● Directions:
Please write out only the lines from the line with "Großen Spaß machten" to the line with "Колодка электрическая на", inclusive, exactly as they stand below, without the pictures.

● Data to use:
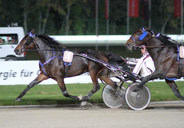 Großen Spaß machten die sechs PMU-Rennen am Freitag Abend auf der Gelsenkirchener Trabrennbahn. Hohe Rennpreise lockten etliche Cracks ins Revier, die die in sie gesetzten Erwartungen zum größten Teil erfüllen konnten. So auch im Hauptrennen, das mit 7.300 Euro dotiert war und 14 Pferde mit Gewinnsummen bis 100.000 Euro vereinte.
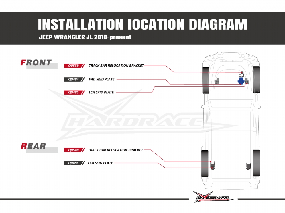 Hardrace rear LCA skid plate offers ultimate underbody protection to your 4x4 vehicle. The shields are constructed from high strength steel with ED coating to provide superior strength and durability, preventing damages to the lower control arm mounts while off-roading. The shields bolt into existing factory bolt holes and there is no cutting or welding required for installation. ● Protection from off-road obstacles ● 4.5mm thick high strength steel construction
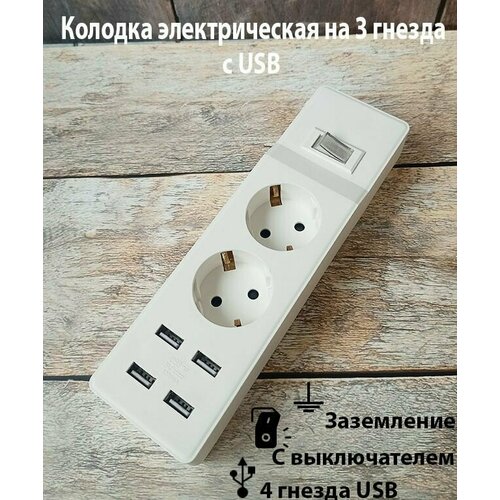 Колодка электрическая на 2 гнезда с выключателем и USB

...

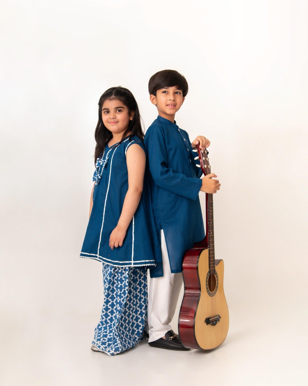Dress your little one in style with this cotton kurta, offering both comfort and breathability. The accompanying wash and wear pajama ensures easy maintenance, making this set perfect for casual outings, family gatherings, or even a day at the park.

● Solution to this exercise:
 Großen Spaß machten die sechs PMU-Rennen am Freitag Abend auf der Gelsenkirchener Trabrennbahn. Hohe Rennpreise lockten etliche Cracks ins Revier, die die in sie gesetzten Erwartungen zum größten Teil erfüllen konnten. So auch im Hauptrennen, das mit 7.300 Euro dotiert war und 14 Pferde mit Gewinnsummen bis 100.000 Euro vereinte.
 Hardrace rear LCA skid plate offers ultimate underbody protection to your 4x4 vehicle. The shields are constructed from high strength steel with ED coating to provide superior strength and durability, preventing damages to the lower control arm mounts while off-roading. The shields bolt into existing factory bolt holes and there is no cutting or welding required for installation. ● Protection from off-road obstacles ● 4.5mm thick high strength steel construction
 Колодка электрическая на 2 гнезда с выключателем и USB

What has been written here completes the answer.